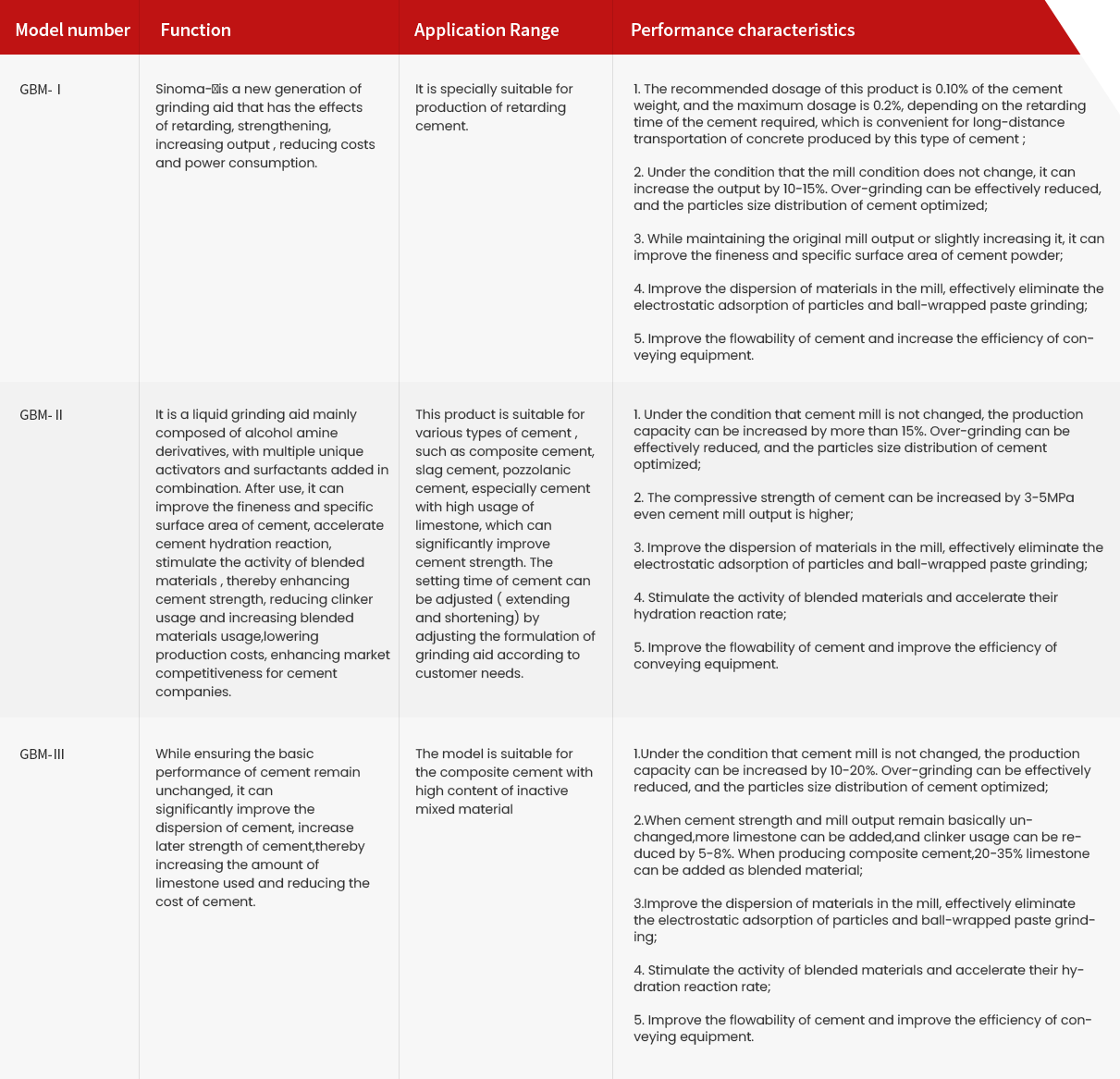 Cement grinding aids are chemical additives that improve cement grinding effectiency and performance, significantly increasing the hourly output of cement mills, enhancing cement strength at all ages, and improve cement fluidity.
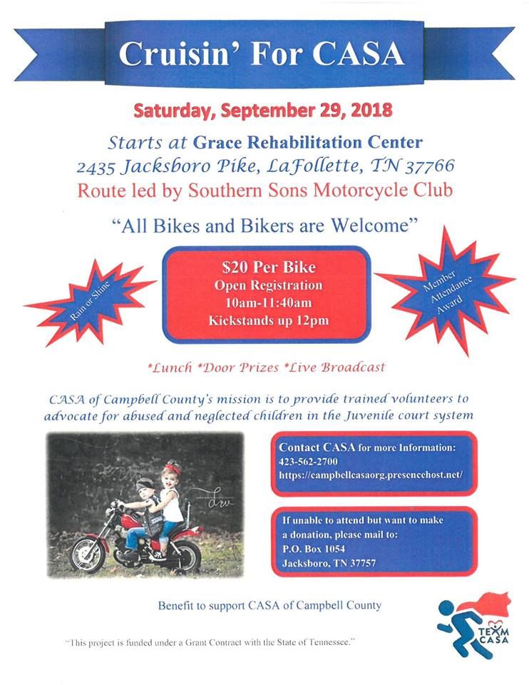 Cruisin' For CASA is a Bike Run led by Southern Sons MC to support CASA of Campbell County. The event will take place on 09/29/2018 at 10:00 am at Grace Rehabilitation Center located at 2435 Jacksboro Pike, LaFollette, TN 37766.
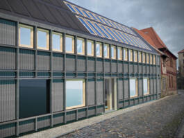 So entstand der Wunsch, ein Zentrum für gesunde Ernährung in das Bestandsgebäude und in einen, die Baulücke schließenden, Anbau, auf dem Gelände des Grudenberg 7 in Halberstadt, zu bringen, der die Aspekte des nachhaltigen Bauens berücksichtigt und sich bautypisch an der Architektur des Bestands und der Umgebung orientiert.
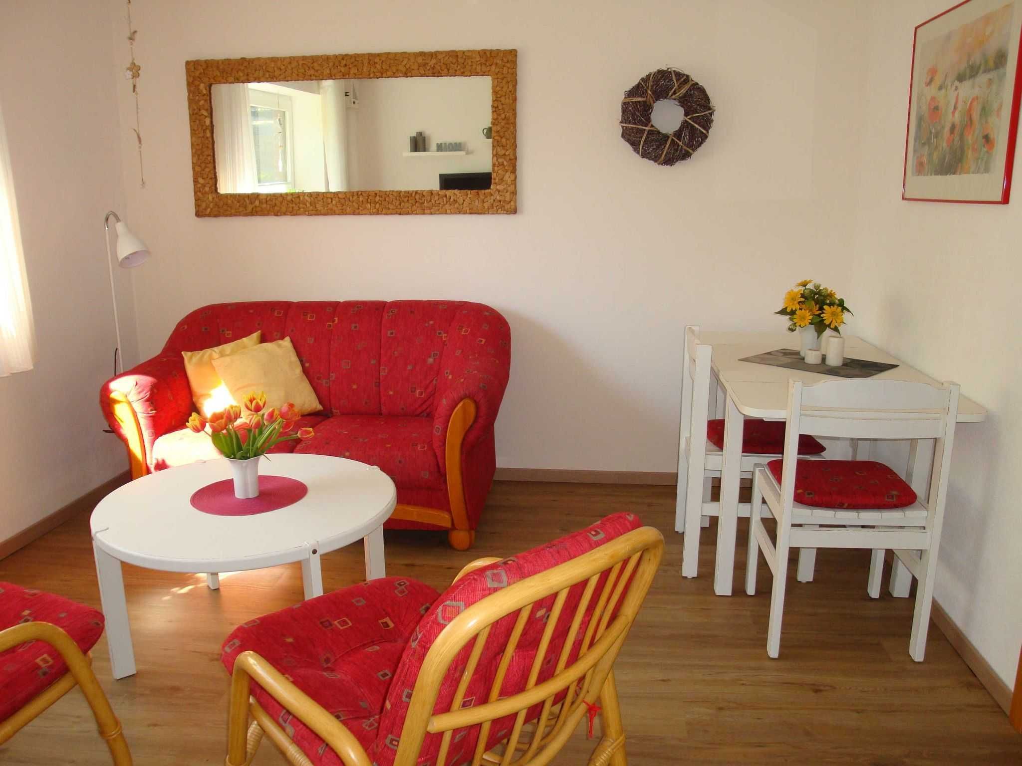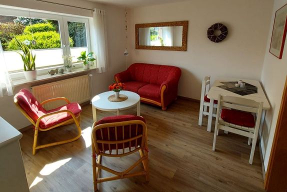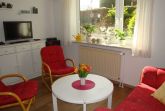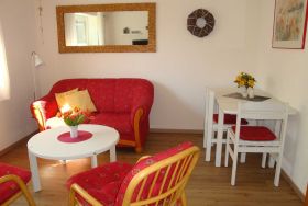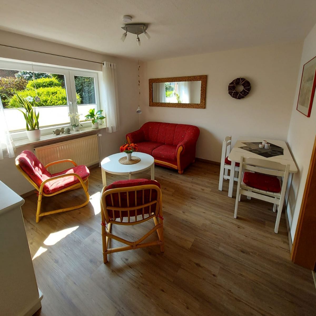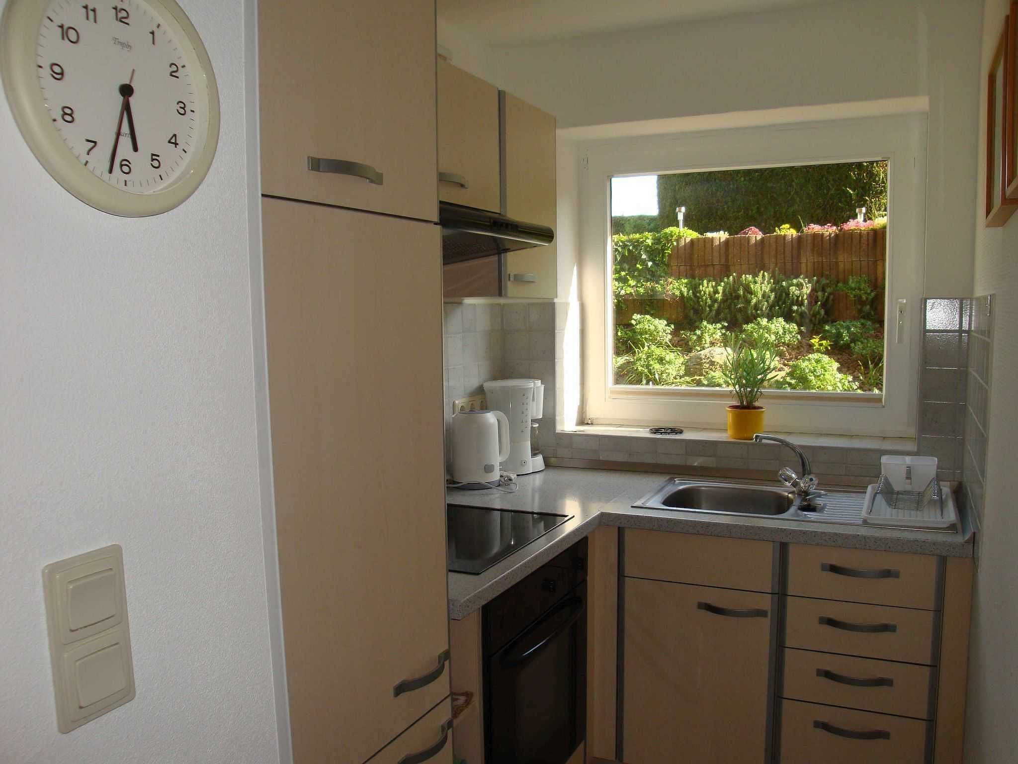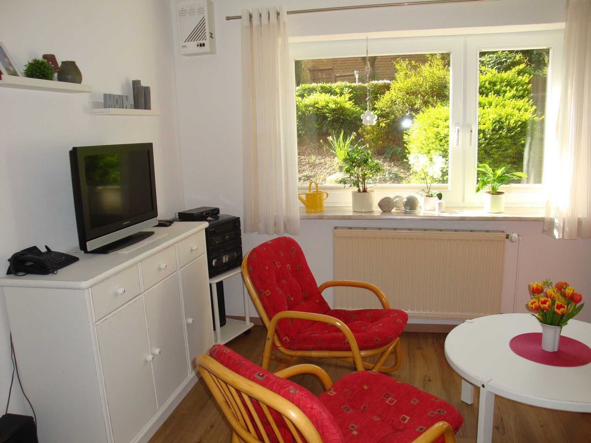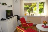 Die 40 qm große und ruhige, gemütlich eingerichtete Ferienwohnung mit separatem Eingang befindet sich im Souterrain (südliche Lage). Große Fenster lassen viel Licht und Sonne herein und gestatten den Blick in den Garten. Die Ausstattung umfasst ein Wohnzimmer mit Couchgarnitur, Essecke und eine komplett eingerichtete Einbauküche, ein Schlafzimmer mit Doppelbett, Badezimmer mit Dusche und WC. SAT-TV, CD-Player, Stereo-Radio, Telefon und WLAN.

········

- **Work instruction**:
Reproduce the data above in full, exactly as it is, with the pictures left out.

- **Exercise response**:
 Cement grinding aids are chemical additives that improve cement grinding effectiency and performance, significantly increasing the hourly output of cement mills, enhancing cement strength at all ages, and improve cement fluidity.
 Cruisin' For CASA is a Bike Run led by Southern Sons MC to support CASA of Campbell County. The event will take place on 09/29/2018 at 10:00 am at Grace Rehabilitation Center located at 2435 Jacksboro Pike, LaFollette, TN 37766.
 So entstand der Wunsch, ein Zentrum für gesunde Ernährung in das Bestandsgebäude und in einen, die Baulücke schließenden, Anbau, auf dem Gelände des Grudenberg 7 in Halberstadt, zu bringen, der die Aspekte des nachhaltigen Bauens berücksichtigt und sich bautypisch an der Architektur des Bestands und der Umgebung orientiert.
 Die 40 qm große und ruhige, gemütlich eingerichtete Ferienwohnung mit separatem Eingang befindet sich im Souterrain (südliche Lage). Große Fenster lassen viel Licht und Sonne herein und gestatten den Blick in den Garten. Die Ausstattung umfasst ein Wohnzimmer mit Couchgarnitur, Essecke und eine komplett eingerichtete Einbauküche, ein Schlafzimmer mit Doppelbett, Badezimmer mit Dusche und WC. SAT-TV, CD-Player, Stereo-Radio, Telefon und WLAN.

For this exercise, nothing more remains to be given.